The thyroid is a small butterfly shaped gland straddling the front of the neck, just below the “adam’s apple.” When a thyroid tumor is detected on one side, or lobe, doctors and patients must decide how much of the thyroid to remove in order to arrest the cancer.

Up to 90% of surgeries for thyroid cancer involve total thyroidectomies where the entire gland is removed. More conservative options involve a “lumpectomy” or “lobectomy” where only part or half of the thyroid is excised. The debate among physicians is over which surgical approach provides the best outcome for patient survival and quality of life.

One study in 2006 from Northwestern University in Chicago, Illinois looked at the results from more than 50,000 thyroid cancer patients who had surgery in 1985 to 1998. The researchers found that tumor size was critical in determining the best surgical choice.

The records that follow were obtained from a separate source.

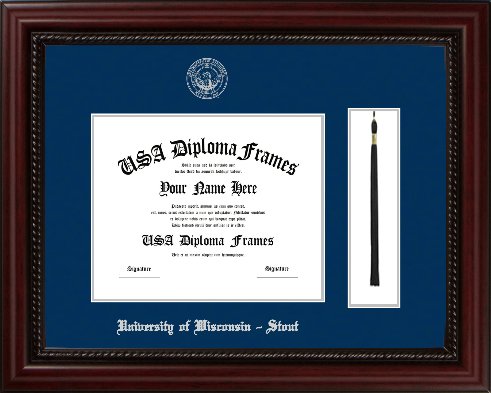 University of Wisconsin – Stout – Single Horizontal Document ( Diploma ) – Executive Cherry Rope – Navy Mat – Silver Accent Mat – With Tassel(Default) – With Seal(University Seal Silver) – With Silver Embossing (University of Wisconsin – Stout)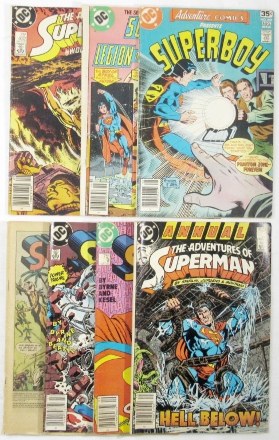 1978 #458 SUPERBOY, 1979 #255 SUPERBOY LEGION OF SUPER-HEROES, 1987 #432 SUPERMAN, 1987 #1 ANNUAL SUPERMAN, 1987 #9 SUPERMAN, 1988 #19 SUPERMAN, 1976 #1 NO COVER SUPER-HEROES BATTLE SUPER-GORILLAS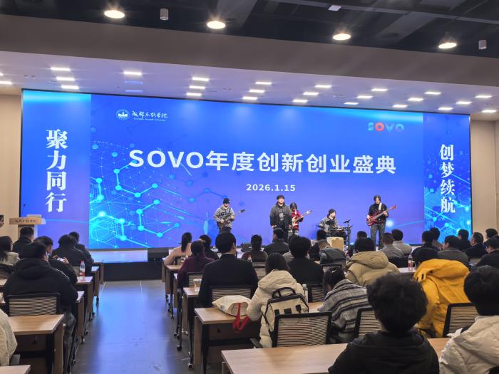 2026年1月15日下午,以“创梦续航·聚力同行”为主题的2025年SOVO创新创业盛典在华天图书馆隆重举行。校领导、招就部负责人、各二级学院党政领导、SOVO在孵企业代表、创业校友、校友会理事会成员及全体教师齐聚一堂,共同回顾双创成果、表彰先进典型、对接优质资源,为青年创业者搭建了一场“年轻化、科技感、强互动”的生态盛会。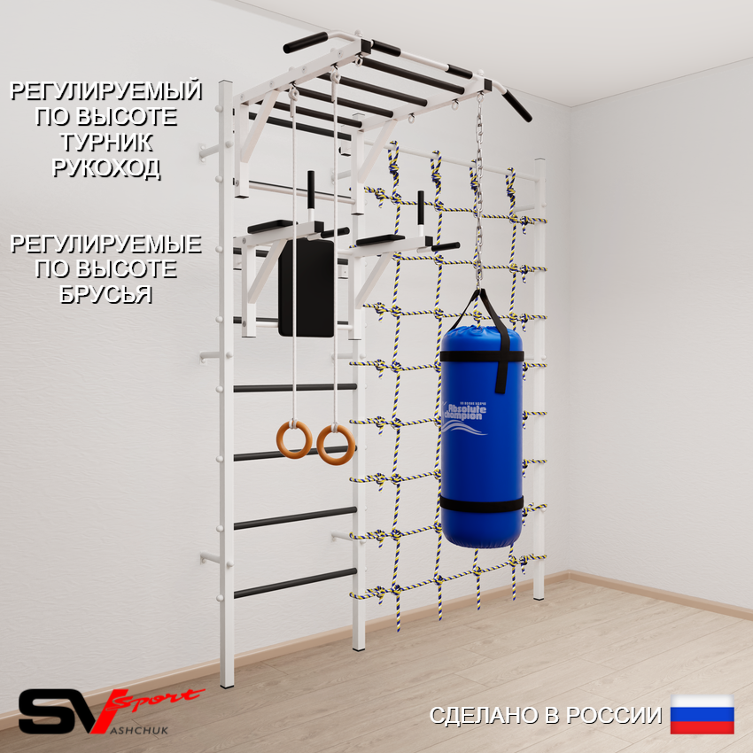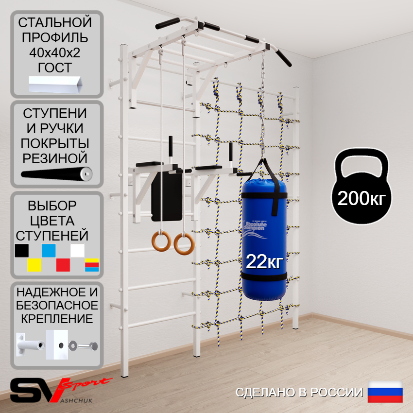 КОМПЛЕКТАЦИЯ: Шведская стенка Sv Sport (профиль вертикальных стоек 40 х 40 х 2 мм), Турник Sv Sport рукоход к ШС, Брусья Sv Sport к ШС, Kольца деревянные, Цепь удлинитель 90см, Мешок боксерский 22кг, Канатный лаз.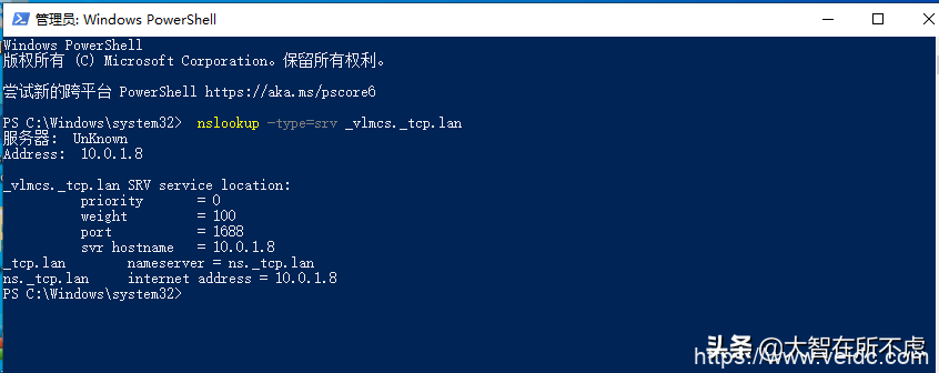 再打开powershell输入nslookup -type=srv _vlmcs._tcp.lan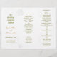 Fold this Fall wedding program template in thirds after purchase. A leaf design covers the back of this white paper. Brown and dark green template text is easy to change and customise for your ceremony. It will open like an accordion with all printing - images and text - on ONE SIDE ONLY and must be folded after purchase.

For thyroid tumors less than one centimeter the extent of surgery—total or partial removal of the thyroid--did not affect patient long-term survival or tumor recurrence. But “total thyroidectomy results in lower recurrence rates and improved survival for papillary thyroid cancers greater or equal to one centimeter compared to lobectomy,” the authors concluded.

When small tumors are confined to one lobe, "there is no rationale for taking out the whole thyroid. You are punishing the patient, more or less, for their whole life," argues Dr. Ashok R. Shaha, a professor of surgery at Memorial Sloan-Kettering Cancer Center, quoted in the National Cancer Institute Bulletin.

The punishment, Dr. Shaha explains, is that patients who undergo total thyroidectomy require life long thyroid hormone replacement in addition to regular doctor visits to ensure the proper dosage.